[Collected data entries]
━━━━━━
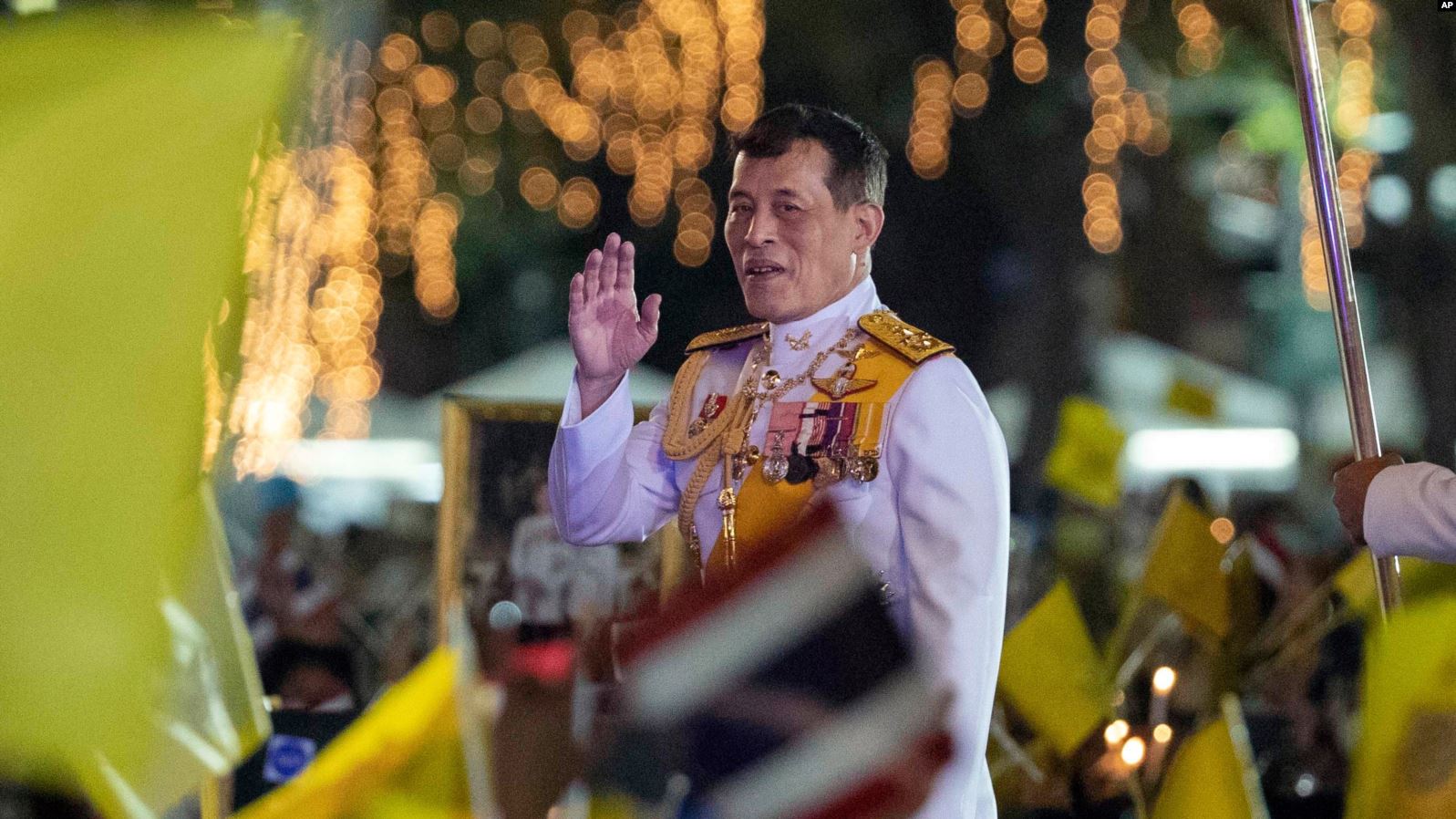 ဘုရင်မကြီး Suthida နဲ့အတူ ဘုရင် Vajirakongkorn ဟာ ဘုရင့်နန်းတော်အပြင်ဘက်မှာ ကြိုဆိုနှုတ်ခွန်းဆက်နေကြတဲ့ ဒီ ဘုရင်စနစ်ထောက်ခံသူ လူအုပ်ကြီးအကြား ဖြတ်လျှောက်ခဲ့ပြီး အားလုံးကို လက်ဝှေ့ယမ်း ပြန်နှုတ်ဆက်ခဲ့ပါတယ်။
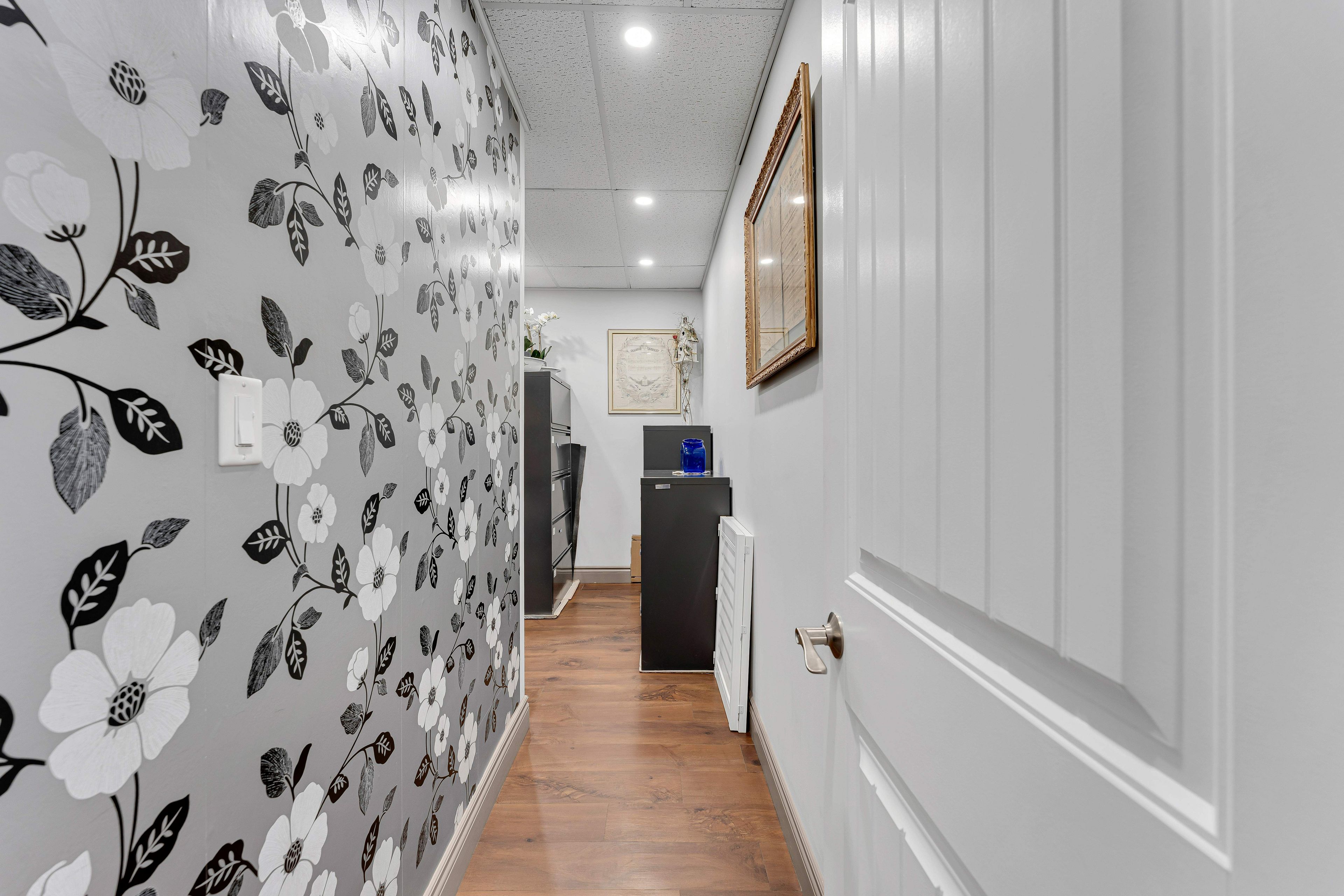• Includes welcoming reception, boardroom, four offices, and staff kitchen.
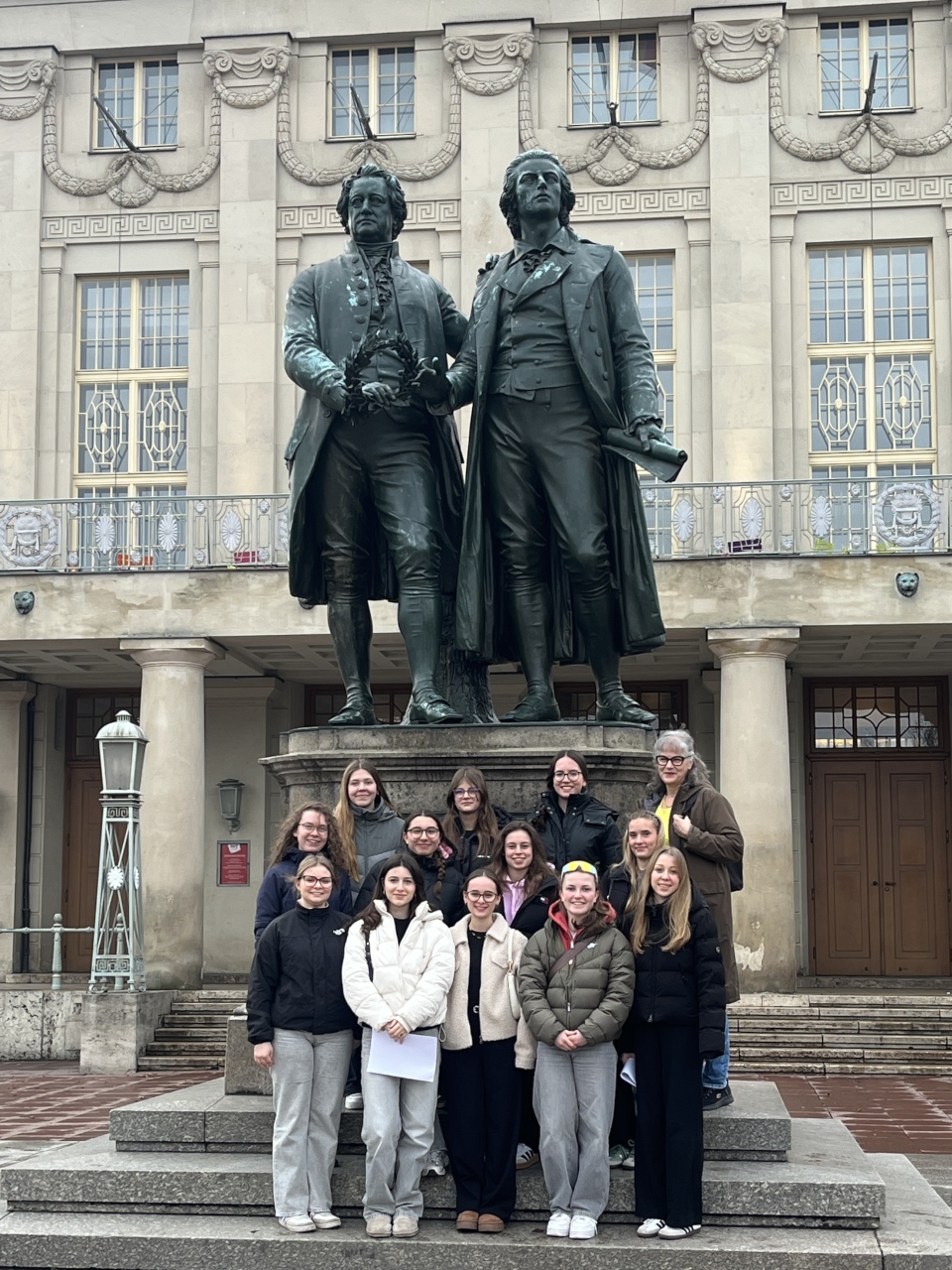 Mit fröhlichen Elftklässlerinnen starteten wir unsere Bildungsfahrt nach Weimar – allerdings mit Hindernissen: Wegen großer Zugverspätung verpassten wir unseren Anschluss und strandeten zunächst in Donauwörth. Am Nachmittag erreichten wir schließlich doch unser Ziel.
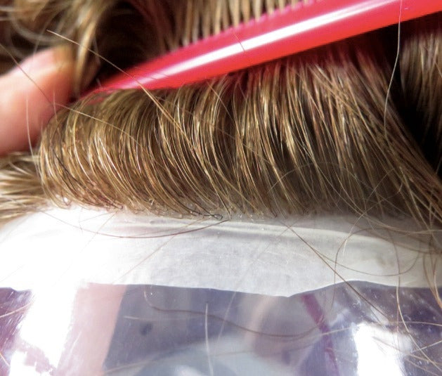 3/ Fit the hair replacement (toupee hairpiece) on your scalp;
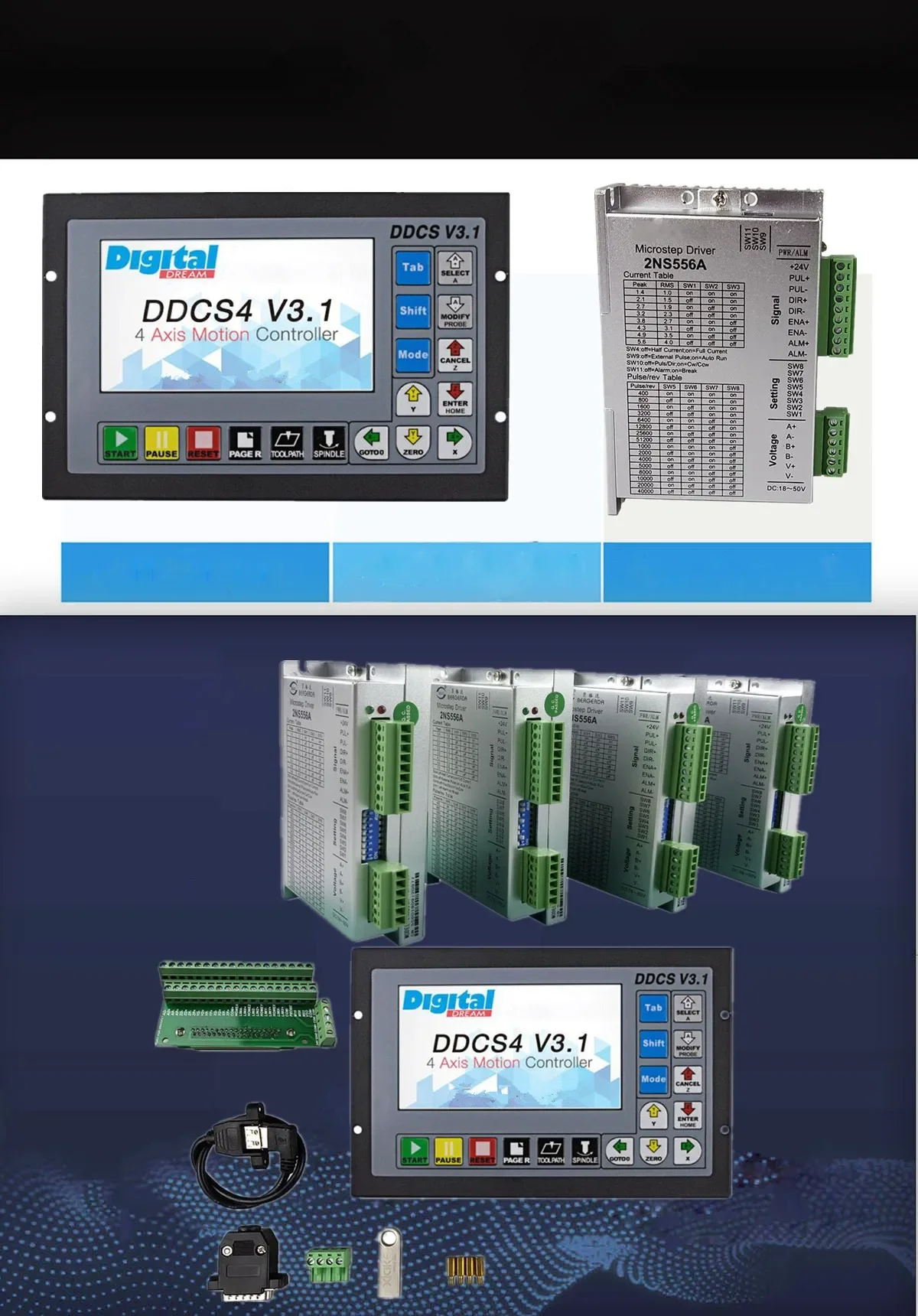 CNC Router 3/4-axis Kit Controller DDCSV3.1 + Stepper Motors Drives 2NS556A For Around 3NM NEMA23/34 motor
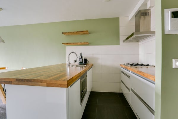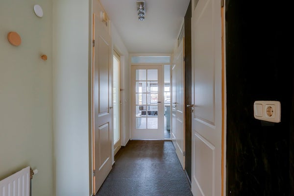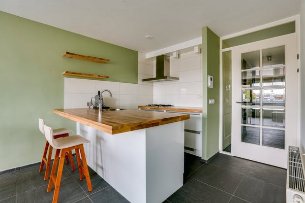 Entree, hal met meterkast, cv-ruimte met wasmachine, apart toilet, luxe badkamer, aan voorzijde ruimte lichte woonkamer met moderne open keuken voorzien van kookeiland/eetbar, 4-pits gasfornuis, combi-oven en koelkast, aan achterzijde ruime slaapkamer, tweede slaapkamer met openslaande deuren naar het balkon.
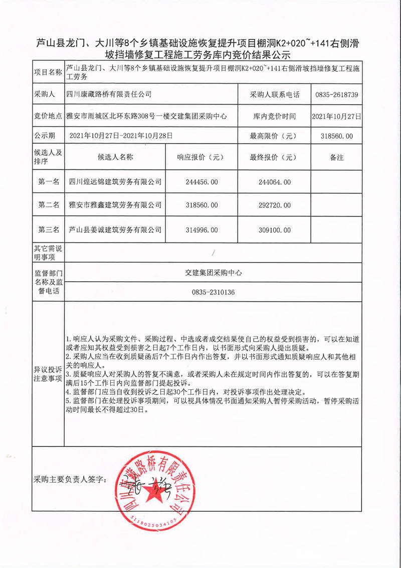 四川康藏路桥有限责任公司芦山县龙门、大川等8个乡镇基础设施恢复提升项目棚洞K2+020~+141右侧滑坡挡墙修复工程施工劳务库内竞价结果公示
━━━━━━
- ASSIGNMENT
The answer must be an exact copy of the lines above, from the start of the records through the line with "Entree, hal met", and of nothing else; no pictures belong in it.

- RESPONSE TO THE EXERCISE
 ဘုရင်မကြီး Suthida နဲ့အတူ ဘုရင် Vajirakongkorn ဟာ ဘုရင့်နန်းတော်အပြင်ဘက်မှာ ကြိုဆိုနှုတ်ခွန်းဆက်နေကြတဲ့ ဒီ ဘုရင်စနစ်ထောက်ခံသူ လူအုပ်ကြီးအကြား ဖြတ်လျှောက်ခဲ့ပြီး အားလုံးကို လက်ဝှေ့ယမ်း ပြန်နှုတ်ဆက်ခဲ့ပါတယ်။
• Includes welcoming reception, boardroom, four offices, and staff kitchen.
 Mit fröhlichen Elftklässlerinnen starteten wir unsere Bildungsfahrt nach Weimar – allerdings mit Hindernissen: Wegen großer Zugverspätung verpassten wir unseren Anschluss und strandeten zunächst in Donauwörth. Am Nachmittag erreichten wir schließlich doch unser Ziel.
 3/ Fit the hair replacement (toupee hairpiece) on your scalp;
 CNC Router 3/4-axis Kit Controller DDCSV3.1 + Stepper Motors Drives 2NS556A For Around 3NM NEMA23/34 motor
 Entree, hal met meterkast, cv-ruimte met wasmachine, apart toilet, luxe badkamer, aan voorzijde ruimte lichte woonkamer met moderne open keuken voorzien van kookeiland/eetbar, 4-pits gasfornuis, combi-oven en koelkast, aan achterzijde ruime slaapkamer, tweede slaapkamer met openslaande deuren naar het balkon.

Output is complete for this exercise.